Scanning electron microscopy energy dispersive X-ray (SEM-EDX) measurement was performed to investigate the surface of the glasses (Carl Zeiss EVO MA10, Carl Zeiss AG, Oberkochen, Germany). In this method, a material is bombarded with electrons. If such an electron hits electrons in deeper spheres of the bombarded sample, it is knocked out of this atom. A vacancy in a lower atomic orbital causes an electron at a higher energy level to jump to that lower energy level. In doing so, it emits characteristic X-rays. A backscatter detector can be used to detect these X-rays. Since the energy of the X-ray beam is material-specific, the element can be identified this way [46]. All scans were performed with 20 keV accelerating voltage.

Samples t1A and t1B were split. One part of each sample was analyzed on both sides in its original state, and the other part was etched with a mixture of concentrated hydrofluoric acid and concentrated sulfuric acid (mixing ratio 1:1) for 10 min and analyzed on both sides by SEM-EDX. In addition, another part of sample t1B was etched with concentrated hydrofluoric acid for one minute and analyzed by SEM-EDX. The SEM-EDX analysis was performed according to DIN ISO 22309.
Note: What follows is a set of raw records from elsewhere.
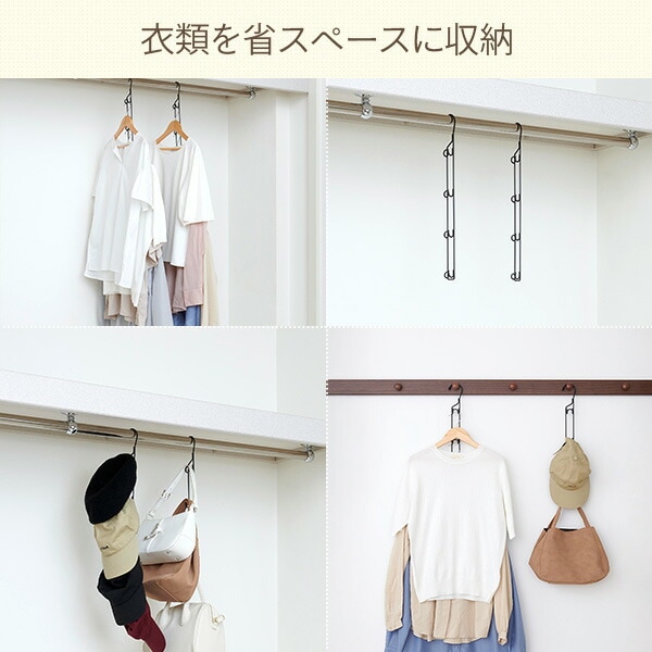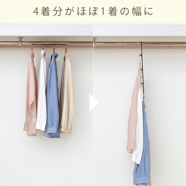 | 商品説明 | ●衣類を省スペースに収納 ●1個につき4着掛けられる ●壁掛け収納にも使えます |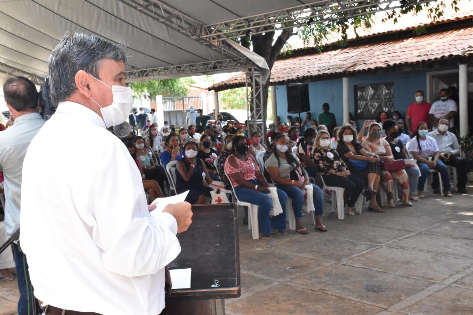 O governador Wellington Dias participou, nesta segunda-feira (27), da entrega de cartões com um valor em dinheiro para compra de alimentos, por meio do projeto de apoio à Segurança Alimentar, em parceria com a Cruz Vermelha Brasileira. O projeto irá beneficiar mais de 600 famílias em situação de vulnerabilidade social e a entrega foi realizada no pátio da Igreja Sagrado Coração de Jesus, no bairro Vila Irmã Dulce, em Teresina.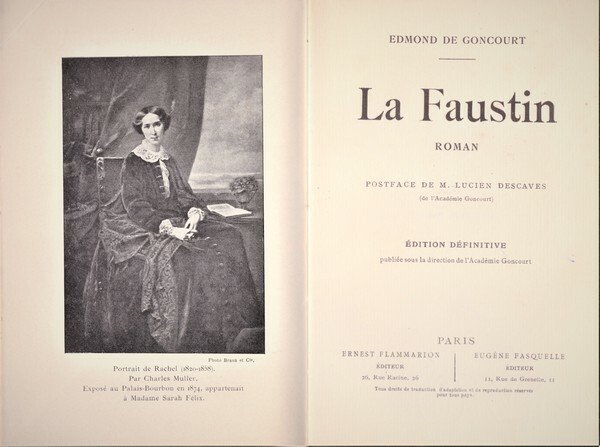 In-16 gr. (mm. 189x129), brossura originale, pp. 282,(2), con una tavola fotografica al frontespizio che raffigura Elisabeth Félix - meglio nota come Mademoiselle Rachel - celebre attrice teatrale francese (1820-58), qui ritratta dal pittore Charles Muller. "La Faustin", stampato nel 1882, evoca infatti il mondo del teatro che aveva sempre affascinato lo scrittore Edmond Huot de Goncourt (1822-1896), a cui si deve anche la fondazione della società letteraria Goncourt nel 1876, ufficialmente costituita nel 1902.Presso Edmond, al secondo piano della sua casa di Auteuil, ch'egli chiamava granaio, si riuniva ogni domenica un piccolo cenacolo di amici. Fu in questo granaio che prese corpo l'idea di fondare l'Accademia, composta di dieci membri i quali sono incaricati di assegnare ogni anno un premio a un'opera narrativa che si distingua per la giovinezza, l'originalità del talento, la novità e l'ardimento del pensiero e della forma.. Il premio Goncourt è il più antico e ambito premio letterario francese (fra i prermiati figurano Proust, Malraux, Simon de Beauvoir). Così Enciclopedia Larousse (Rizzoli),VII, p. 279.Rarissima edizione numerata di 35 esemplari sur papier de Hollande. Il ns. - 31 - è un esemplare intonso, a fogli di due diverse larghezze; solo due pagine con alone al margine interno, altrimenti, molto ben conservato.

2.2. Investigating Glass Composition ICP-OES

In order to investigate the exact composition of the glass, optical emission spectrometry with inductively coupled plasma (ICP-OES) was performed (ICP-OES Thermo Scientific iCAP 6300 Duo, Thermo Fischer Scientific Inc., Waltham, MA, USA). The samples were first dried and homogenized at 115 °C according to DIN 52331 with an oven (Universal oven UF260, Memmert GmbH and Co. KG, Schwabach, Germany). Subsequently, the samples were analyzed by ICP-OES, according to DIN 51086-2. In this method, the material is heated by an argon plasma, which has a temperature of about 10,000 K. The atoms in the vaporized sample are excited and emit material-specific electromagnetic radiation. This radiation can then be analyzed in a spectrometer [47].

2.3. Melting Experiment

Four melting tests were carried out. The adhesive film, which holds the DSSCs together, was removed manually from all DSSCs. To simulate a future glass recycling process, each test batch consisted of 40% raw material and 60% cullet (glass intended for a remelting process) from various sources. The raw material for glass production consists mainly of silica sand and in smaller quantities of lime, ash, dolomite and soda ash [48].
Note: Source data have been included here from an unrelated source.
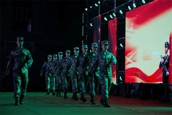 是热血戎装树立校园青春旗帜的国旗护卫队
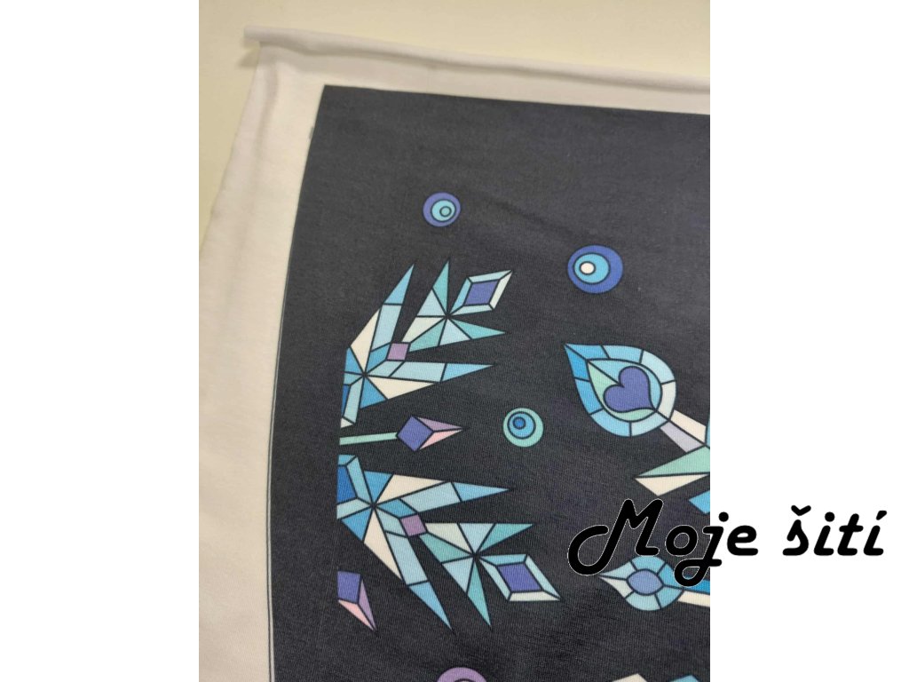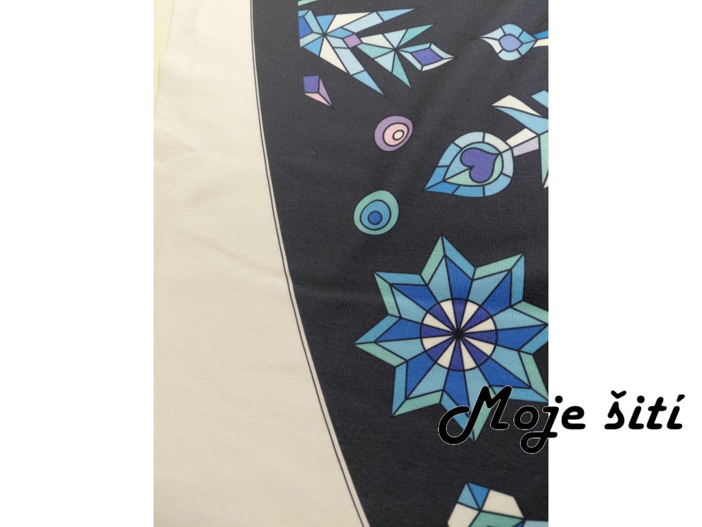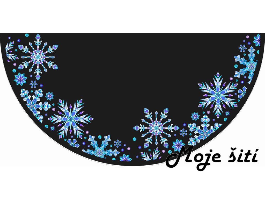 Panel na půlkolovou sukni Ledové vločky na černé-úplet cotton touch-VADA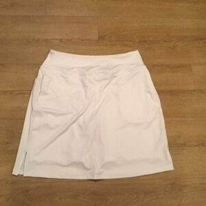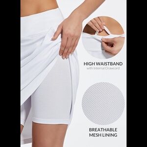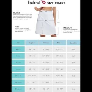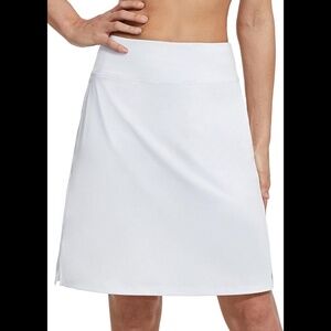 Brand new Baleaf women’s size XL (size chart in photos) white knee length golf/tennis skort. Knee length offers more coverage, which is modest & comfort. Build-in mesh liner shorts and non see through & non roll & breathable. Tow side pockets for storing you phone and 1 waist hidden pocket for your keys. Adjustable inner drawing provides elasticity.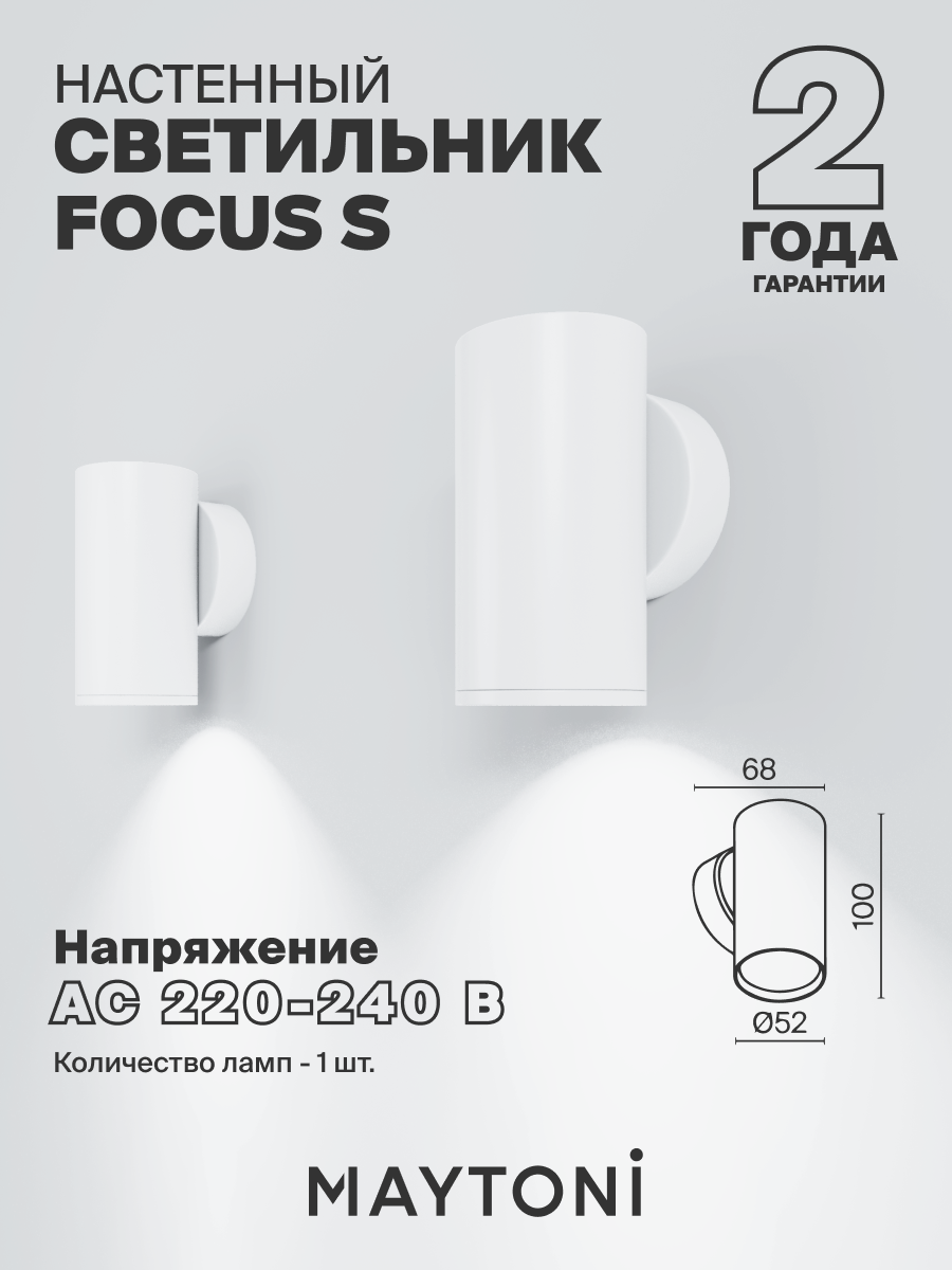 Отзывы на Настенный светильник бра белый Maytoni Technical FOCUS S C068WL-01W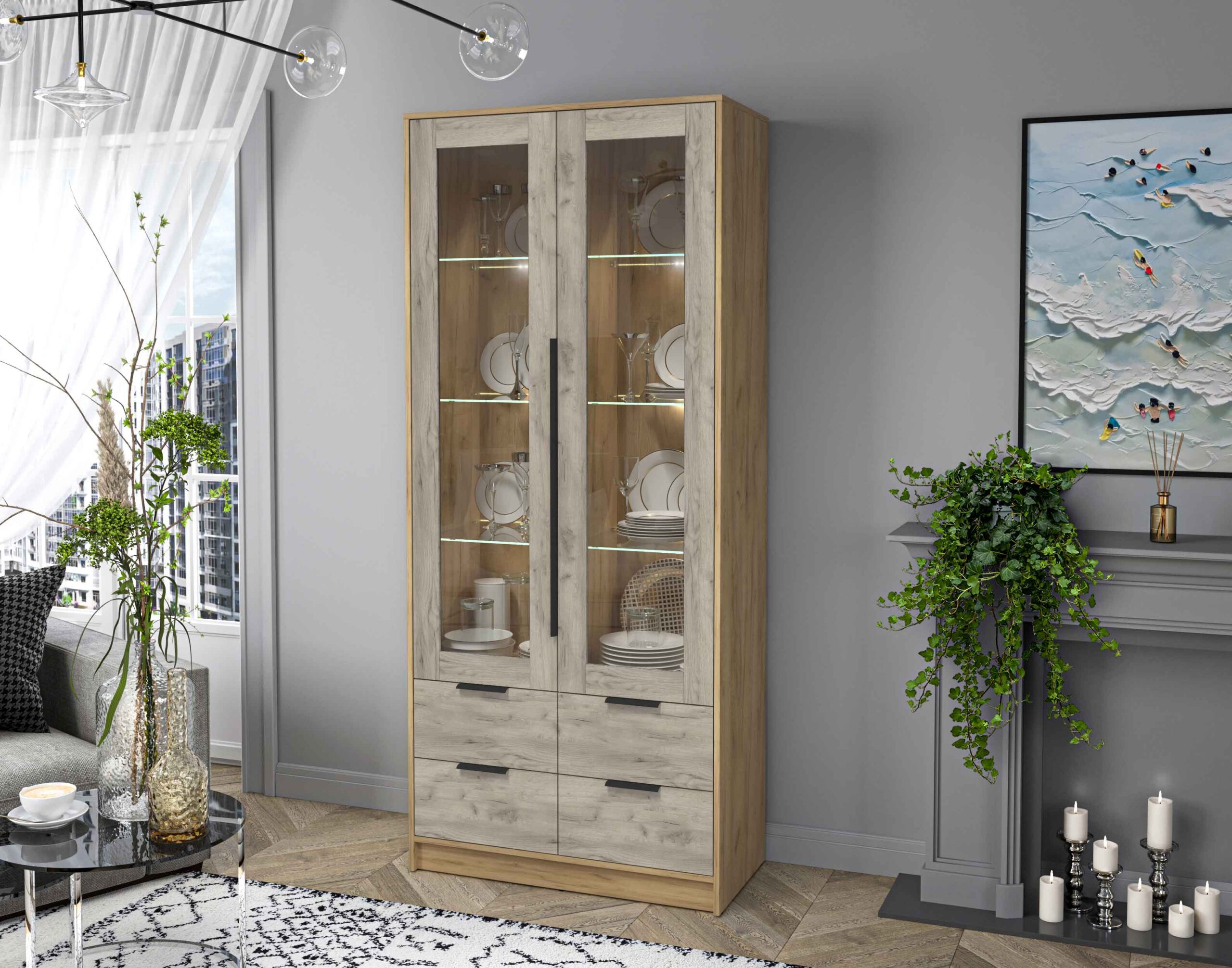 ШКАФ С ВИТРИНОЙ КТ-ШВ2 С ПОДСВЕТКОЙ (ДУБ ЗОЛОТОЙ ЛДСП/ ДУБ СЕРЫЙ ЛДСП) Ш918 В2128 Г451 - Yuta.by

The composition of the raw material mixture used in this experiment is shown in

Table 1. Composition of the used batch in weight percentage.

Sand	Soda	Dolomite	Nepheline	Calumite *	Lime	Sodium Sulfate
59.2%	17.2%	12.4%	5.0%	2.5%	2.5%	1.2%

Glassy calcium aluminum silicate produced from granulated blast furnace slag.

.

The first melt was the reference sample and consisted of a typical soda-lime-white glass mixture (40%), as can be seen in Table 1 and white cullet (60%), hereafter referred to as Melt A. The cullet used was a typical white container glass from a German processing plant.

The second melt was also a typical soda-lime-white glass mixture, this time with the addition of DSSCs (with glycerol and poly (ethylene oxide) (PEO), which were previously built in 2020 and used as sample 1 in reference [45].

Regarding the applied simulated weathering process, the DSSCs of Melt B were washed with tap water and then dried in the oven at 115 °C (Universal oven UF260, Memmert GmbH and Co. KG, Schwabach, Germany).

The PEO served as a gel electrolyte in the DSSCs and helped to improve the long-term stability of the DSSC. For future applications, the use of gel or solid-state electrolytes could lead to unwanted plastic components in the melt, hereafter referred to as Melt B.

The third melt was a typical soda-lime-white glass mixture with addition of DSSCs, namely, sample 2 from reference [45], with PEO and without simulated weathering process, hereafter referred to as Melt C.

The fourth melt was a typical soda-lime-white glass mixture with addition of DSSCs from unpublished experiments conducted in 2018, without PEO and without simulated weathering process, hereafter referred to as Melt D.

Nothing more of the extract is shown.